[ABOUT THIS EXERCISE] The material below holds pictures, which are to be left out; copy exactly the lines from the one with "عند بدء الرحلة" through the one with "This edition features".

[DATA PROVIDED]
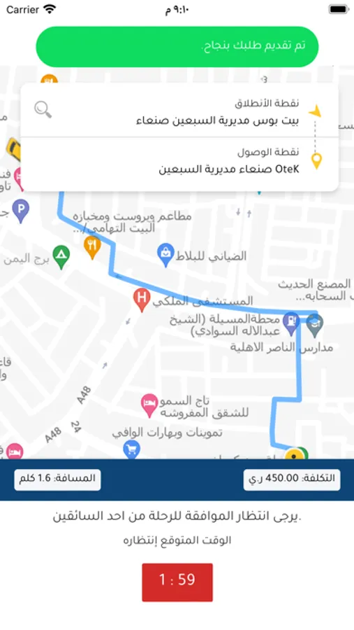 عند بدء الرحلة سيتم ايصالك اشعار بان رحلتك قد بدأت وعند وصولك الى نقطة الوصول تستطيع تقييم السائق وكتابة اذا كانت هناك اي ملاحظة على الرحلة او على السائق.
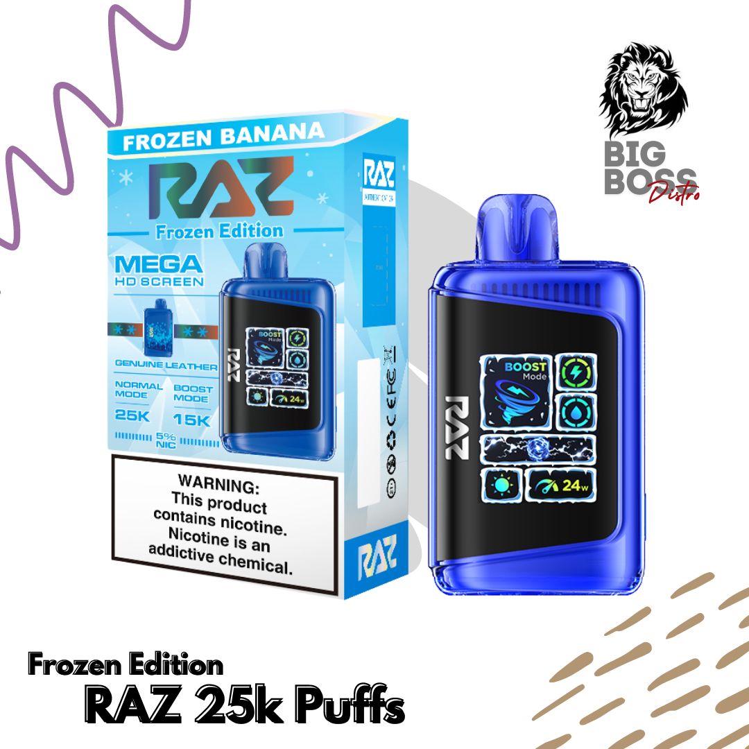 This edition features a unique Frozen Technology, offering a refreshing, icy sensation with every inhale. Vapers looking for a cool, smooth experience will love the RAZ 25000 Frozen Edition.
==
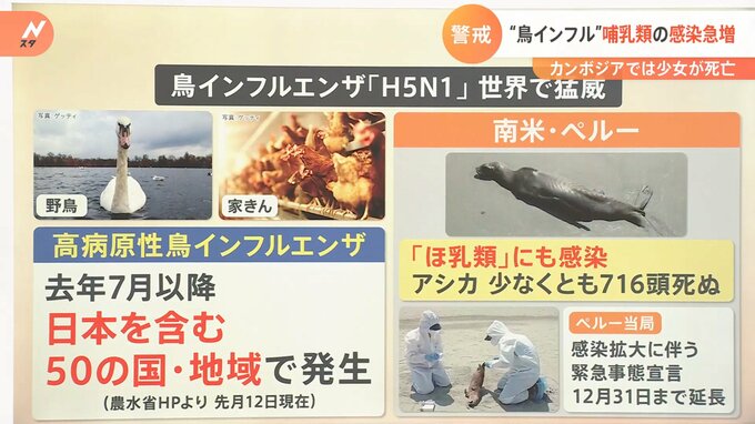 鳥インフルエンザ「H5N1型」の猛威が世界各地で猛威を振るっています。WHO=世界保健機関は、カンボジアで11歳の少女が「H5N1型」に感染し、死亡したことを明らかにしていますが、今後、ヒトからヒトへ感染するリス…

[WRITTEN ANSWER]
 عند بدء الرحلة سيتم ايصالك اشعار بان رحلتك قد بدأت وعند وصولك الى نقطة الوصول تستطيع تقييم السائق وكتابة اذا كانت هناك اي ملاحظة على الرحلة او على السائق.
 This edition features a unique Frozen Technology, offering a refreshing, icy sensation with every inhale. Vapers looking for a cool, smooth experience will love the RAZ 25000 Frozen Edition.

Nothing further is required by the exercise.